Prácticamente ya está en Madrid: con restricciones, pantallas de avisos y la información que nos han ido dando poco a poco. Cuando Biden llegue, acompañado en cada desplazamiento por 50 vehículos, más de uno vamos a verlo y hasta tomar una foto porque el espectáculo está garantizado.

Que la OTAN es más que militares y políticos es obvio, aunque con la guerra en Europa pensemos más en su participación en conflictos armados y, al fin y al cabo, sus guerras son lo más visible, polémico y noticioso.

La OTAN tiene una importante vertiente de relaciones internacionales, de estrategia mundial y diplomacia que, en general, poco vemos en los medios. Hace años, en un evento conjunto con el Real Instituto Elcano, conversé con uno de sus responsables. A mi juicio, todo un diplomático, y cultivado como la mayoría.

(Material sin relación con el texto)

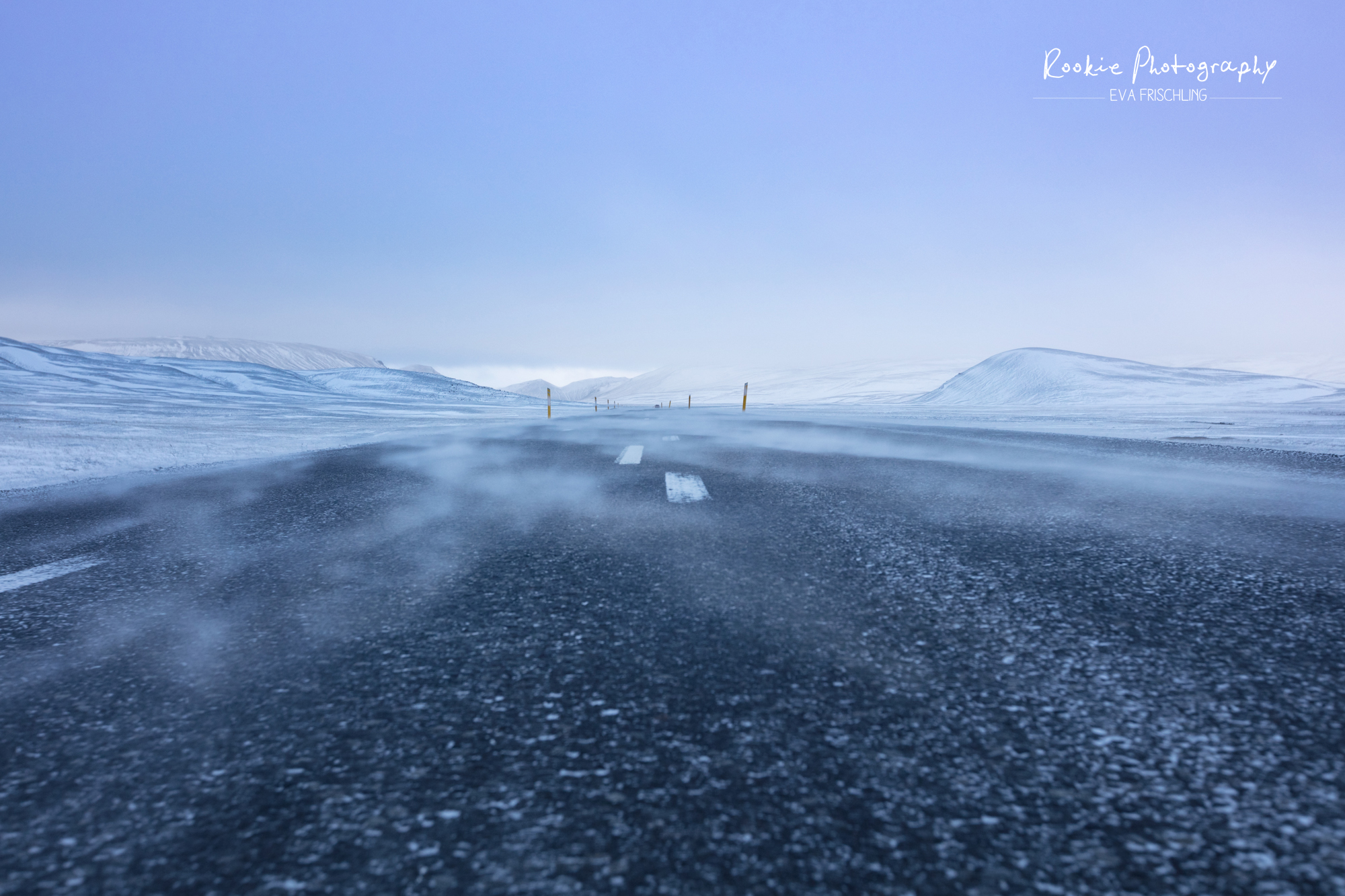 Als erstes fuhren wir über eine höher gelegenere Straße im Nirgendwo. Durch den ganzen Wind war diese verdammt eisig und der Wind pfiff nur so über die Straße. Zum Glück hatte unsere gute alte Karre Spikes auf den Reifen drauf.

No les comento esto porque esté orgullosa de que la OTAN se reúna en Madrid justo en estos momentos, pero así lo dijo esta semana hasta Rita Maestre, admirando al gran poder mundial en su carrera por la alcaldía de la capital.

Como estamos dentro de la OTAN desde hace 40 años, y no es nada nuevo, lo que me sugiere la primera gran reunión en Madrid es la escenificación del supuesto maridaje entre las armas y las letras. Como aquel famoso encuentro entre Goethe y Napoleón (1808), del que nos hicimos eco en el programa de radio que dedicamos al gran escritor.

El emperador era un gran lector y exclamó ante el viejo poeta: «¡He aquí a un hombre!». Mantuvieron una larga conversación sobre libros, autores e historia. Y el alemán más tarde escribiría: «He visto a Napoleón; es imposible ser más grande».

Seguramente las letras ya no tengan esa capacidad de verse con las armas, o quizás sí y nos encontremos con alguna sorpresa en esta macro reunión. De hecho entre otros lugares ya se ha anunciado el cierre del Museo del Prado. Eso nos han comunicado, solo eso. Porque imagínense cómo va la comunicación interna y externa en estos eventos.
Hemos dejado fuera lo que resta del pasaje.